Acte de vandalisme ou action désespérée d’un fan pour laisser son empreinte  sur la sépulture de son idole ? Aucune conclusion définitive n’est encore tirée concernant  l’affaire de la tentative de dégradation de la tombe du Rebelle qui est maintenant entre les mains de la justice.

Hier aux environs de 14 heures, un homme originaire de Tizi n’Tleta, muni d’un marteau et d’un burin a tenté de dégrader la tombe de Matoub . L’intervention rapide des gardiens des lieux, membres de la Fondation Matoub a empêché le « profanateur » d’aller au bout de son « œuvre ».

Cette information immédiatement relayée sur les réseaux sociaux  n’a pas manqué de susciter diverses réactions . Le coupable dont l’identité a été révélée, est présenté comme un  sculpteur qui aime énormément Matoub Lounès et la Kabylie. Ce qui a poussé certains à prendre sa défense et à le disculper d’une volonté quelconque de vandaliser la tombe de son idole, d’autant plus qu’il est venu avec des outils de sculpteur. Il voulait faire quelque chose  certes, mais pas profaner, estiment-ils.

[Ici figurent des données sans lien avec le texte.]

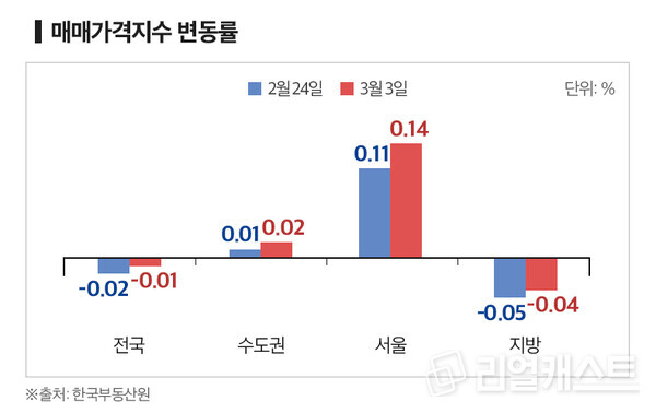 권역별로는 수도권이 0.02%로 전주(0.01%)보다 0.01%p 더 상승했다. 지방은 -0.04%로 전주(-0.05%)보다 0.01%p 하락폭이 줄어들었다.
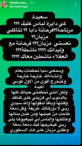 و أضافت المتحدثة :” وسمعي دنيا تحكمات بعام و انشاء الله خارجة خارجة و غتخرج أقوى من الأول  كوني أكيدة ، و لكن انتي تحكمتي حياتك كلها بالذنوب لي هزيتي على كتافك ، و قلتها و باقا تنقولها و الله سيدي ربي لا دوزها ليك طريفة “.

Pour d’autres, à l’exemple d’Assirem Matoub, le neveu du rebelle, cet acte, quelques soient ses raisons, est une profanation. « Qu’il travaille le marbre ou non, qu’il aime Matoub ou non, toute personne touchant à la tombe d’une personne sans l’accord de sa famille est une dégradation voir une profanation » précise-t-il sur sa page facebook.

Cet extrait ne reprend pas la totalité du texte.